## COLLECTED DATA
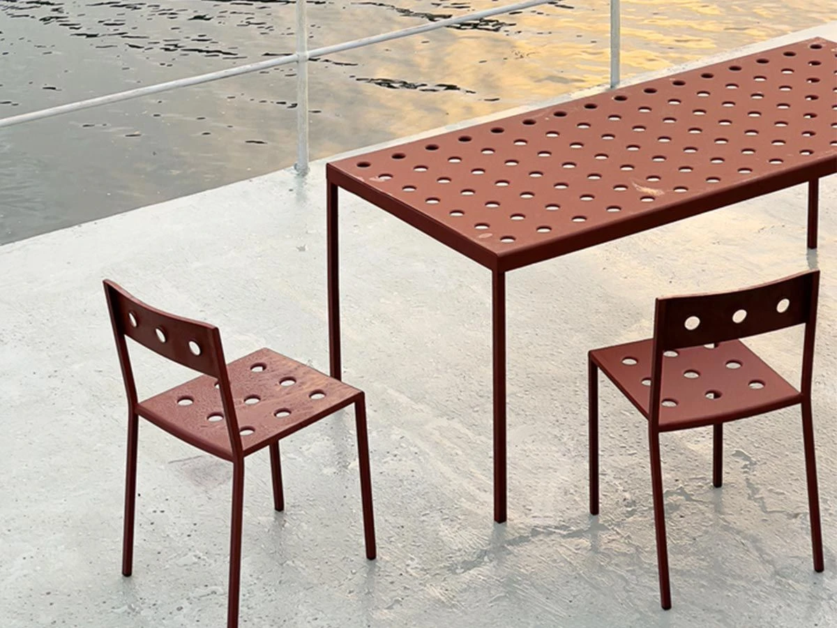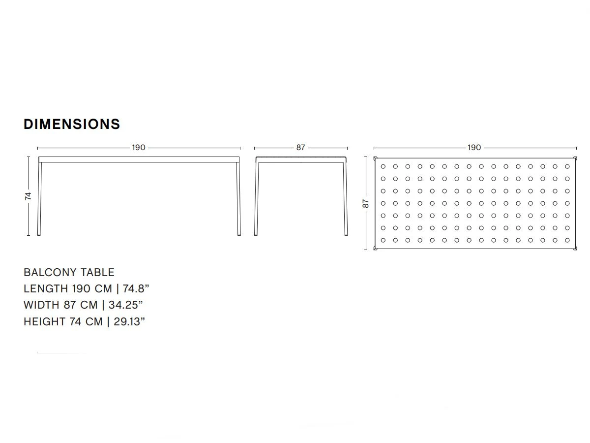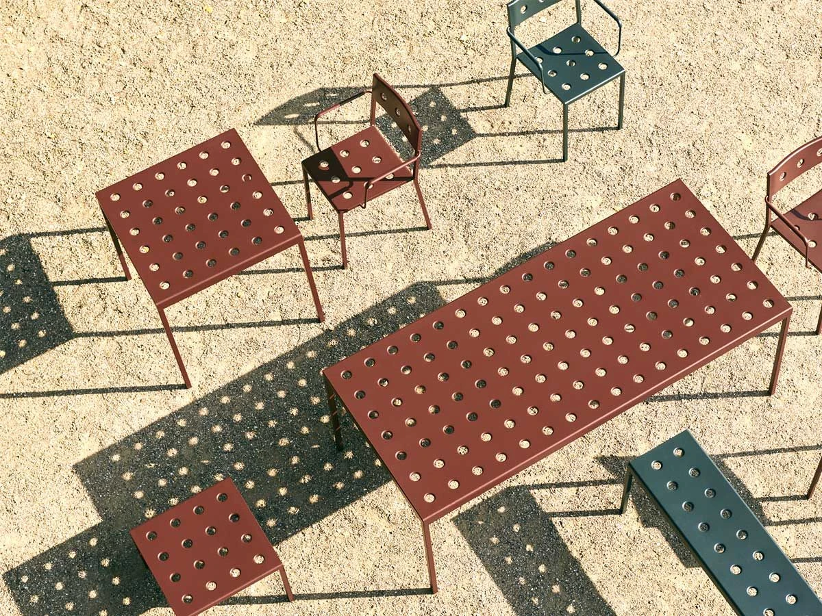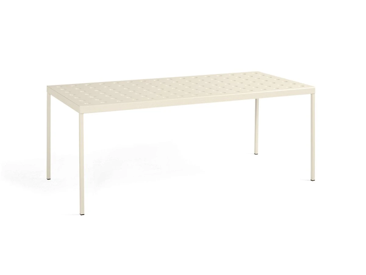 Enjoy the warm seasons staying outdoors with yours friends. Balcony Table L. 190 is the largest outdoor table in the Balcony collection, designed for sharing lunches and dinners in good company. It furnishes gardens or terraces with the simplicity and class typical of Scandinavian design, known for its attention to robustness and durability of its furniture. Hay’s Balcony Table is made from primed steel that will withstand the elements, and the top has circular holes that are not only decorative but also strengthen the structure and prevent rainwater from stagnating. Combine it with benches or chairs from the Balcony collection to create a harmonious garden experience.
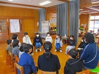 1、2年生はオープンスペースで丸くなり、順番に冬休みの思い出を紹介し合いました。家族で出かけた話やお年玉など、冬休みならではのエピソードがいくつも飛び出し、友達の話に興味津々の様子でした。
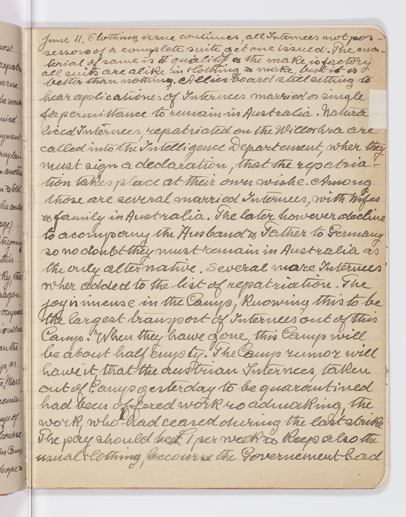 June 11. Clothing issue continues, all Internees not possessors of a complete suite, get one issued. The material of same is II quality & the make, is factory all suits are alike in clothing & make, but it is better than nothing. Allies board still sitting to hear aplicationes of Internees married or single for permittance to remain in Australia. Naturaliced Intenees, repatriated on the Willorhra are called into the Intelligence Departement, wher they must sign a declaration, that the repatriation takes place at their own wishe. Among those are several married Internees, with Wifes & family in Australia. The later however decline to acompany the Husband & Father to Germany so no doubt they must remain in Australia as the only alternative. Several more Internees wher added to the list of repatriation. The joy is immense in the Camp, knowing this to be the largest transport of Internees out of this Camp. When they hawe gone, this Camp will be about half empty. The Camp rumor will have it that the Austrian Internees, taken out of Camp yesterday to be quarantined had been offered work no admaking, the work, who had ceased during the last strike The pay should be & pound; 1 per week to keep also the usual clothing, becourse the Government had

## EXERCISE DESCRIPTION
Set down the data above exactly as written. Omit the pictures.

## ANSWER SECTION
 Enjoy the warm seasons staying outdoors with yours friends. Balcony Table L. 190 is the largest outdoor table in the Balcony collection, designed for sharing lunches and dinners in good company. It furnishes gardens or terraces with the simplicity and class typical of Scandinavian design, known for its attention to robustness and durability of its furniture. Hay’s Balcony Table is made from primed steel that will withstand the elements, and the top has circular holes that are not only decorative but also strengthen the structure and prevent rainwater from stagnating. Combine it with benches or chairs from the Balcony collection to create a harmonious garden experience.
 1、2年生はオープンスペースで丸くなり、順番に冬休みの思い出を紹介し合いました。家族で出かけた話やお年玉など、冬休みならではのエピソードがいくつも飛び出し、友達の話に興味津々の様子でした。
 June 11. Clothing issue continues, all Internees not possessors of a complete suite, get one issued. The material of same is II quality & the make, is factory all suits are alike in clothing & make, but it is better than nothing. Allies board still sitting to hear aplicationes of Internees married or single for permittance to remain in Australia. Naturaliced Intenees, repatriated on the Willorhra are called into the Intelligence Departement, wher they must sign a declaration, that the repatriation takes place at their own wishe. Among those are several married Internees, with Wifes & family in Australia. The later however decline to acompany the Husband & Father to Germany so no doubt they must remain in Australia as the only alternative. Several more Internees wher added to the list of repatriation. The joy is immense in the Camp, knowing this to be the largest transport of Internees out of this Camp. When they hawe gone, this Camp will be about half empty. The Camp rumor will have it that the Austrian Internees, taken out of Camp yesterday to be quarantined had been offered work no admaking, the work, who had ceased during the last strike The pay should be & pound; 1 per week to keep also the usual clothing, becourse the Government had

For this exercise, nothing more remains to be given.